### [Task requirements]
Return the material below exactly, but only from the line with "Foulard en tacto" through the line with "Design Features: This", and without its pictures.

### [Source information]
[Start of section]

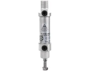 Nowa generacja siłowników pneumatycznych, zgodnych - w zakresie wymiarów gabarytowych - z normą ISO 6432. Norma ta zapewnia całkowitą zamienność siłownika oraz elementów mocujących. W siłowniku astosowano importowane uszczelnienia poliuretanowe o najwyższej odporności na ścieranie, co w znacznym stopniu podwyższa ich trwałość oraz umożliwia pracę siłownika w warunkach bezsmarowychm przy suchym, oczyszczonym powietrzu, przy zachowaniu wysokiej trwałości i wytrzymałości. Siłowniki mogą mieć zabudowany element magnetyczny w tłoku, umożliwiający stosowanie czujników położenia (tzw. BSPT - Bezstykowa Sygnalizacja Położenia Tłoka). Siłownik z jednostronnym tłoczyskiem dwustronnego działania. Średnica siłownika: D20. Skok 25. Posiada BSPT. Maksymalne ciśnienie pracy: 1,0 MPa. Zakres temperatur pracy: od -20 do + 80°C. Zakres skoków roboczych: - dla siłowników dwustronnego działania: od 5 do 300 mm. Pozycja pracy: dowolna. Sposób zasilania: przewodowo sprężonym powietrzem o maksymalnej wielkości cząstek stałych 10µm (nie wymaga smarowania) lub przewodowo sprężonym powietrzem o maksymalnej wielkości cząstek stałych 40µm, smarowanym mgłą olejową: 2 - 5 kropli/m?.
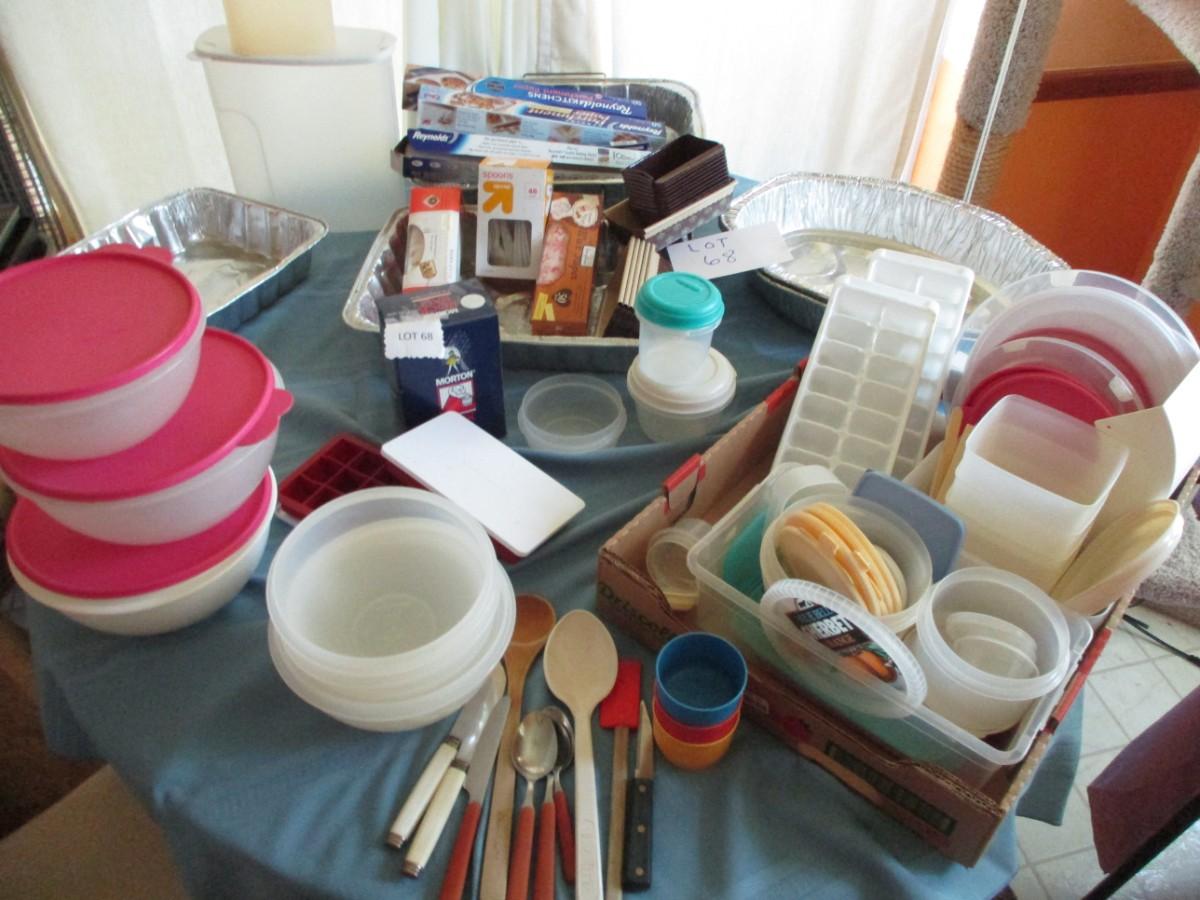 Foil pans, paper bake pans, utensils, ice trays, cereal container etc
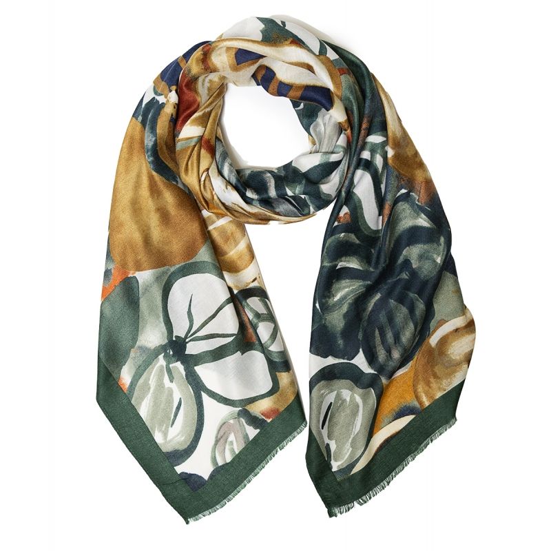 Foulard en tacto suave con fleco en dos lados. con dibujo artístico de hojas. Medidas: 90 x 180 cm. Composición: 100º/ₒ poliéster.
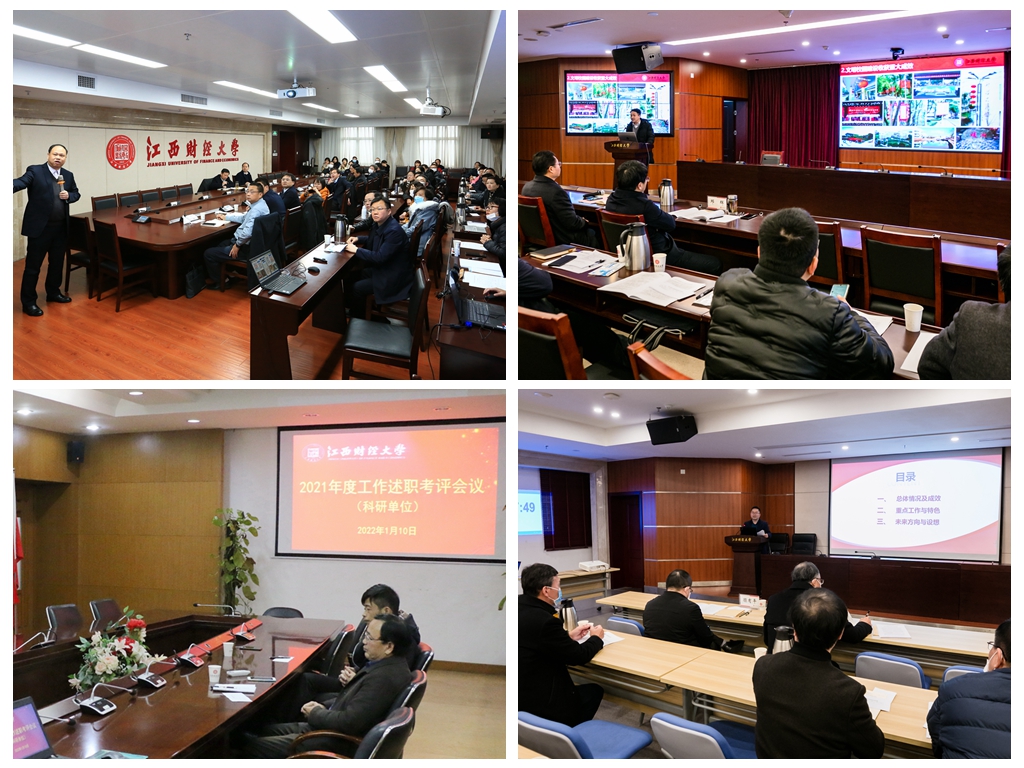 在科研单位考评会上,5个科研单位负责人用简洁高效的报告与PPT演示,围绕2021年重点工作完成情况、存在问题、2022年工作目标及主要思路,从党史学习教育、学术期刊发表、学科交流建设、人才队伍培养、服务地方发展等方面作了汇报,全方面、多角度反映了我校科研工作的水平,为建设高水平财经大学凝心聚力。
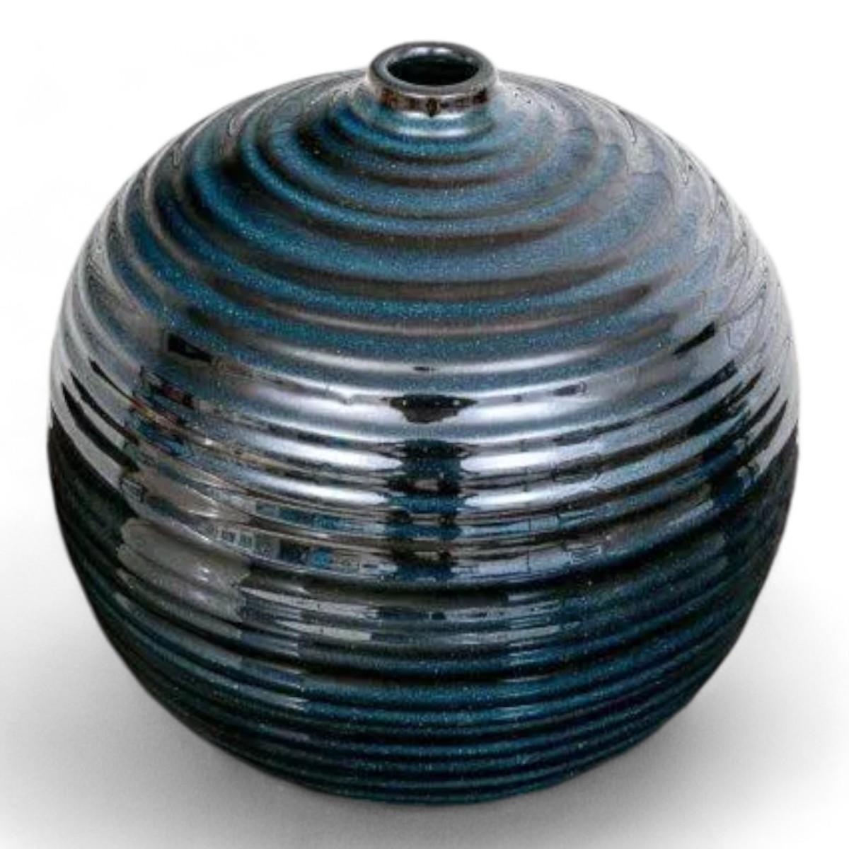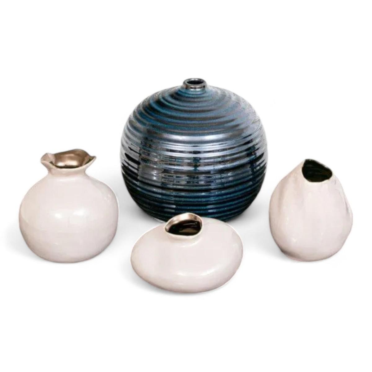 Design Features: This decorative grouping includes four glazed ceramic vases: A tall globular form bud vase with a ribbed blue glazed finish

[End of section]
[Start of section]

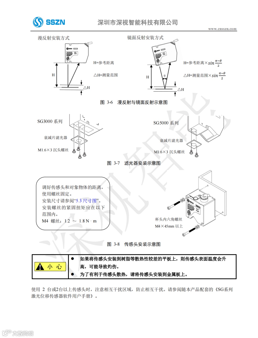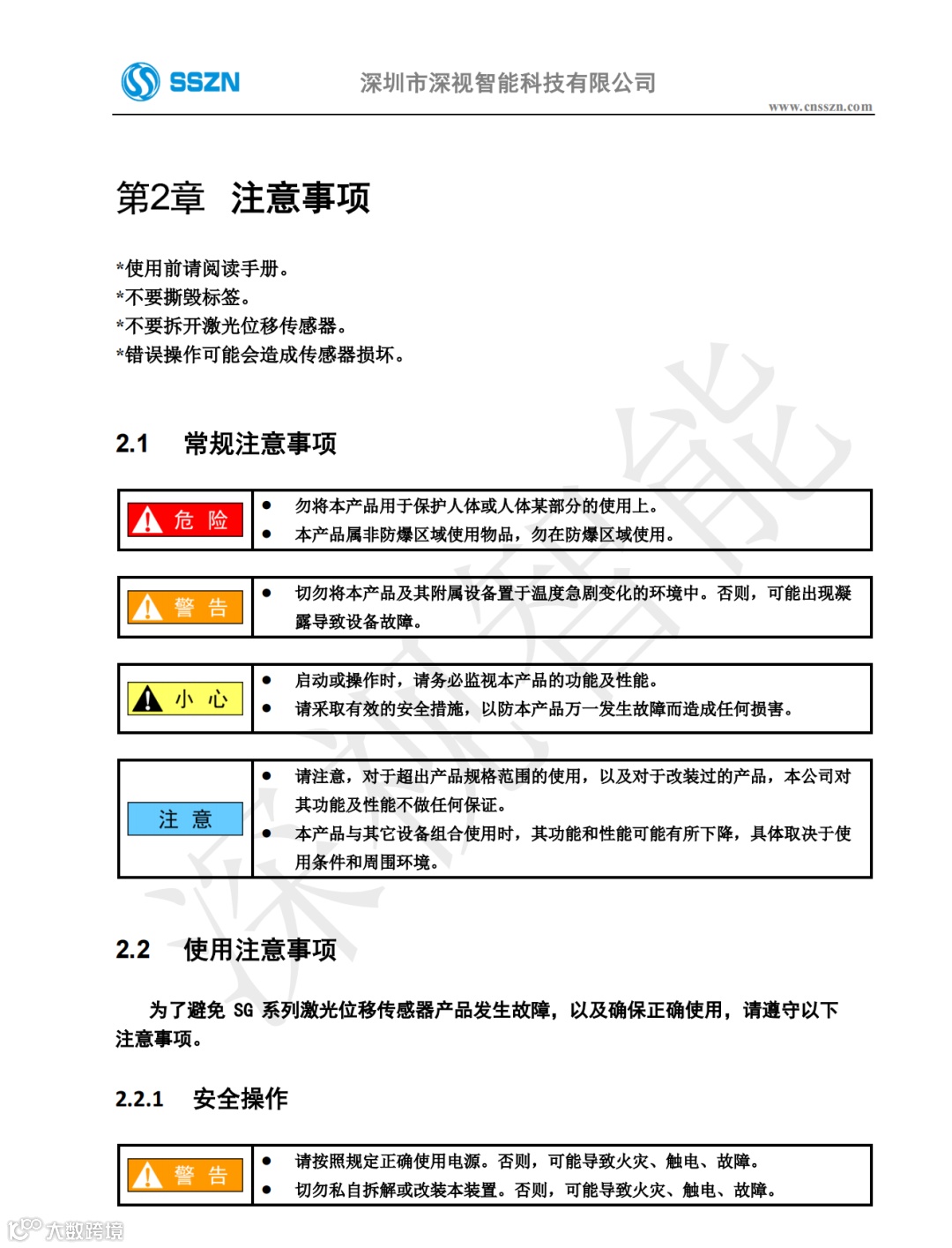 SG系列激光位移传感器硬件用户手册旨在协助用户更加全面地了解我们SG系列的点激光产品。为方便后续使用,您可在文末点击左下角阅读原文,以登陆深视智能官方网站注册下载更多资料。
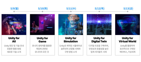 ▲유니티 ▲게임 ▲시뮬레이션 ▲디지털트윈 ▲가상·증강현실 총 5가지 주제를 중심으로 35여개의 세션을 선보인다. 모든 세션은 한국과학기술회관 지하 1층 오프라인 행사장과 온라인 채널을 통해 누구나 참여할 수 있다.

[End of section]
[Start of section]

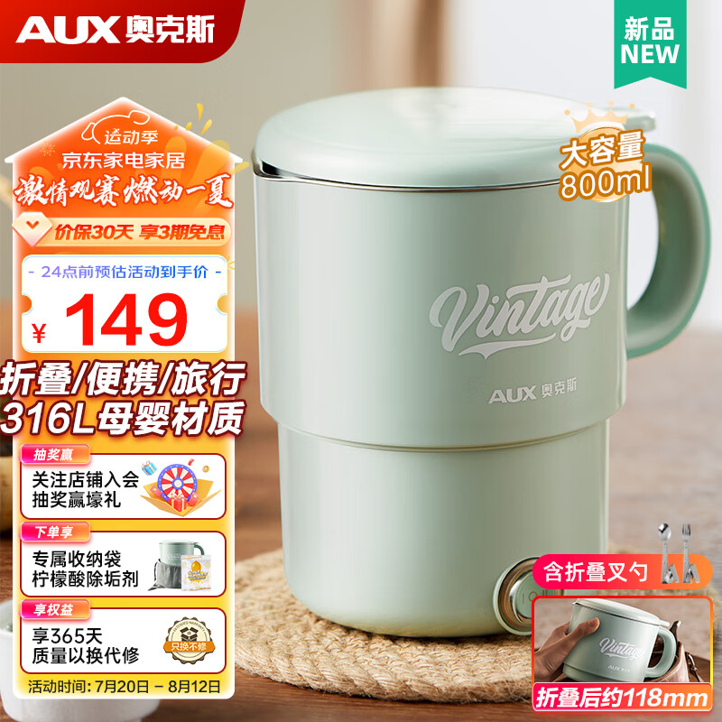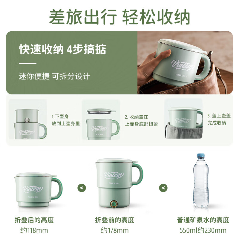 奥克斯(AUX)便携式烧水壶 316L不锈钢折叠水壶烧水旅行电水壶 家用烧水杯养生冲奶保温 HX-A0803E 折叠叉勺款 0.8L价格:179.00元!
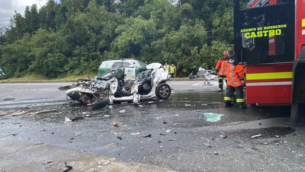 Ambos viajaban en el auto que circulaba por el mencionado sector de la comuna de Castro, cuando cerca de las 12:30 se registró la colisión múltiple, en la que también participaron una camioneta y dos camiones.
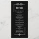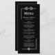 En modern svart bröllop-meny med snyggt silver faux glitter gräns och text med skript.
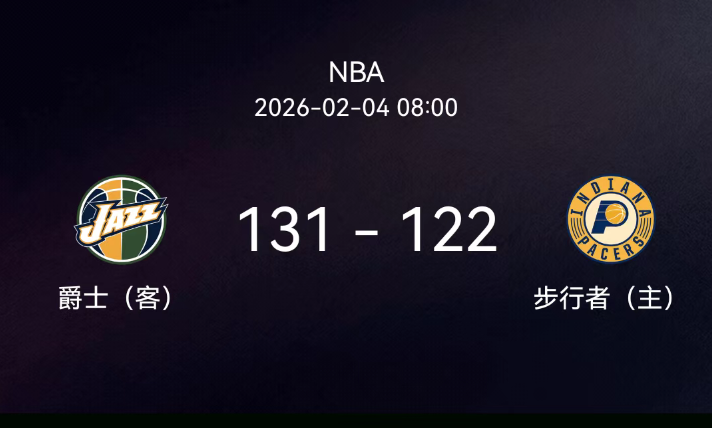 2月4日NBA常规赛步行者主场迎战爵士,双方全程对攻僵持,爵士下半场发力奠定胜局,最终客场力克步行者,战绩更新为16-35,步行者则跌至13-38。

[End of section]

### [Written answer]
 Foulard en tacto suave con fleco en dos lados. con dibujo artístico de hojas. Medidas: 90 x 180 cm. Composición: 100º/ₒ poliéster.
 在科研单位考评会上,5个科研单位负责人用简洁高效的报告与PPT演示,围绕2021年重点工作完成情况、存在问题、2022年工作目标及主要思路,从党史学习教育、学术期刊发表、学科交流建设、人才队伍培养、服务地方发展等方面作了汇报,全方面、多角度反映了我校科研工作的水平,为建设高水平财经大学凝心聚力。
 Design Features: This decorative grouping includes four glazed ceramic vases: A tall globular form bud vase with a ribbed blue glazed finish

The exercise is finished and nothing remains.